In addition, the display unit 151 may be a liquid crystal display, a thin film transistor-liquid crystal display, an organic light-emitting diode, a flexible display, a three- (3D display). In addition, two or more display units 151 may exist according to the implementation form of the mobile terminal 100. For example, the portable terminal 100 may include an external display unit (not shown) and an internal display unit (not shown) at the same time.

The audio output module 153 outputs audio data received from the wireless communication unit 110 or stored in the memory 160 in a call signal reception mode, a call mode or a recording mode, a voice recognition mode, a broadcast reception mode, The sound output module 153 outputs sound signals related to functions performed in the portable terminal 100, for example, a call signal reception tone, a message reception tone, and the like. The sound output module 153 may include a speaker, a buzzer, and the like.

The alarm unit 155 outputs a signal for notifying the occurrence of an event of the portable terminal 100. Examples of events occurring in the portable terminal 100 include call signal reception, message reception, and key signal input. The alarm unit 155 outputs a signal for notifying the occurrence of an event in a form other than an audio signal or a video signal. For example, it is possible to output a signal in a vibration mode. The alarm unit 155 can output a signal to notify when a call signal is received or a message is received. Also. When the key signal is inputted, the alarm unit 155 can output a signal as a feedback to the key signal input. The user may recognize the occurrence of an event through the signal output from the alarm unit 155. A signal for notifying the occurrence of an event in the portable terminal 100 may also be output through the display unit 151 or the sound output module 153. [

The haptic module 157 generates various tactile effects that the user can feel. A typical example of the haptic effect generated by the haptic module 157 is a vibration effect. When the haptic module 157 generates vibration with a haptic effect, the intensity and pattern of the vibration generated by the haptic module 157 can be converted, and the different vibrations can be synthesized and output or sequentially output.
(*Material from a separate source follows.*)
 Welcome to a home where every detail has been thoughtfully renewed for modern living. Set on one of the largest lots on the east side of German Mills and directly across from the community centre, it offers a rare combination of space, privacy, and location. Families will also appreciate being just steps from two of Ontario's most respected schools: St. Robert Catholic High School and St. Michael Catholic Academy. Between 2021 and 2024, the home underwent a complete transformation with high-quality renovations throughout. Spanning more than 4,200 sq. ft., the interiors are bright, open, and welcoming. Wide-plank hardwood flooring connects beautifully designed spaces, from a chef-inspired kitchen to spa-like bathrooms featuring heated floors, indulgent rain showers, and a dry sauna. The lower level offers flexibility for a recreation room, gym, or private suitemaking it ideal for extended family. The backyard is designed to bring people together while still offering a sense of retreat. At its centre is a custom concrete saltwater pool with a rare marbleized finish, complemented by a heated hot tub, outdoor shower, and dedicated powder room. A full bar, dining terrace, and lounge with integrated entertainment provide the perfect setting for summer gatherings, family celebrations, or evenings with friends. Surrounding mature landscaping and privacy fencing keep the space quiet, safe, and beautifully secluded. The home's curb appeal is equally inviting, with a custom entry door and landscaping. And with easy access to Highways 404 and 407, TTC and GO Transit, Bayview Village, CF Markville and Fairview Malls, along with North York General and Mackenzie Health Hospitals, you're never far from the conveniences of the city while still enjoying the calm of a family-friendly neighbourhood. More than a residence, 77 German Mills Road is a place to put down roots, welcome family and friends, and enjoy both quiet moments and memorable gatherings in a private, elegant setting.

In addition to the vibration, the haptic module 157 may be provided with a function of stimulating by a pin arrangement vertically moving with respect to the contact skin surface, an effect of stimulating air through the injection or suction force of the air through the injection port or the suction port, The effect of stimulation through contact of an electrode (eletrode), the effect of stimulation by electrostatic force, and the effect of reproducing a cold sensation using a device capable of endothermic or exothermic can be generated. The haptic module 157 can be implemented not only to transmit the tactile effect through direct contact but also to feel the tactile effect through the muscular sense of the user's finger or arm. The haptic module 157 may include two or more haptic modules 157 according to the configuration of the portable terminal 100.

The memory 160 may store a program for processing and controlling the control unit 180 and may store a function for temporarily storing input or output data (e.g., a phone book, a message, a still image, .
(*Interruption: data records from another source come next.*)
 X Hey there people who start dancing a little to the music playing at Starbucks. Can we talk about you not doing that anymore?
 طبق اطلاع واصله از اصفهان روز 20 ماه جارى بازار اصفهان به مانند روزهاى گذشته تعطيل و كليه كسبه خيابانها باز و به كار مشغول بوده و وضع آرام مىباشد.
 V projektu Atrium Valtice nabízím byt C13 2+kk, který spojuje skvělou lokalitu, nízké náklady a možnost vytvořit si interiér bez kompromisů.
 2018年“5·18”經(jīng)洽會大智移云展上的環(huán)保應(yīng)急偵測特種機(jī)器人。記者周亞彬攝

The memory 160 may be a flash memory type, a hard disk type, a multimedia card micro type, a card type memory (for example, SD or XD memory), a RAM , And a ROM. ≪ / RTI > In addition, the portable terminal 100 may operate a web storage for storing the memory 150 on the Internet.

The interface unit 170 serves as an interface with all external devices connected to the portable terminal 100. Examples of the external device connected to the portable terminal 100 include a wired / wireless headset, an external charger, a wired / wireless data port, a memory card, a SIM (Subscriber Identification Module) card, a UIM An audio input / output (I / O) terminal, a video I / O (input / output) terminal, and an earphone. The interface unit 170 receives data from the external device or receives power from the external device and transmits the data to each component in the portable terminal 100 so that data in the portable terminal 100 can be transmitted to the external device .
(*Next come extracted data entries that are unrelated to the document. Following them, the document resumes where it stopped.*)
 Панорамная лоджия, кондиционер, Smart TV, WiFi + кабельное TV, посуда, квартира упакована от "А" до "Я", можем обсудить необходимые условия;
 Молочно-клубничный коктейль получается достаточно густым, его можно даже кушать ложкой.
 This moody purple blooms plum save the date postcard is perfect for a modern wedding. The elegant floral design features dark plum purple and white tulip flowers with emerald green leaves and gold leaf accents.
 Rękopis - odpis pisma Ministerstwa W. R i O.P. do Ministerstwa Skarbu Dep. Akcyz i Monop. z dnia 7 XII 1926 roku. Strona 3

The interface unit 170 is a path through which power from the cradle connected when the portable terminal 100 is connected to the external cradle is supplied to the portable terminal 100 or various command signals inputted from the cradle by the user are carried And may be a passage to be transmitted to the terminal 100.

The controller 180 typically controls the operation of the respective units to control the overall operation of the mobile terminal 100. For example, voice communication, data communication, video communication, and the like. In addition, the control unit 180 may include a multimedia playback module 181 for multimedia playback. The multimedia playback module 181 may be configured in hardware in the controller 180 or separately from software in the controller 180. [

The power supply unit 190 receives external power and internal power under the control of the controller 180 and supplies power necessary for operation of the respective components.

The mobile terminal 100 having such a configuration can be configured to be operable in a communication system capable of transmitting data through a frame or a packet, including a wired / wireless communication system and a satellite-based communication system. have.

2 is a perspective view of the portable terminal according to an embodiment of the present invention, and FIG. 3 is a rear perspective view of the portable terminal illustrated in FIG. 2. Hereinafter, the portable terminal according to the present invention will be described with reference to FIGS. 2 and 3 in terms of components according to the external form. Hereinafter, for convenience of description, a bar-type portable terminal having a front touch screen among various types of portable terminals such as a folder type, a bar type, a swing type, a slider type, etc. will be described as an example. However, the present invention is not limited to a bar-type portable terminal, but can be applied to all types of portable terminals including the above-mentioned type.

Referring to FIG. 2, the case constituting the outer appearance of the portable terminal 100 is formed by the front case 100-1 and the rear case 100-2. Various electronic components are incorporated in the space formed by the front case 100-1 and the rear case 100-2. The front case 100-1 and the rear case 100-2 may be formed by injecting a synthetic resin, or may be formed to have a metal material such as stainless steel (STS) or titanium (Ti).

The display unit 151, the first sound output module 153a, the first camera 121a, and the first through third user input units 130a, 130b, and 130c are connected to the main body, specifically, the front case 100-1 . A fourth user input unit 130d, a fifth user input unit 130e, and a microphone 123 may be disposed on a side surface of the rear case 100-2.

The display unit 151 may be constructed such that the touch pad is overlapped with the layer structure so that the display unit 151 operates as a touch screen so that information can be input by a user's touch.

The first acoustic output module 153a may be implemented in the form of a receiver or a speaker. The first camera 121a may be implemented in a form suitable for capturing an image or a moving image of a user. The microphone 123 may be implemented in a form suitable for receiving a user's voice, other sounds, and the like.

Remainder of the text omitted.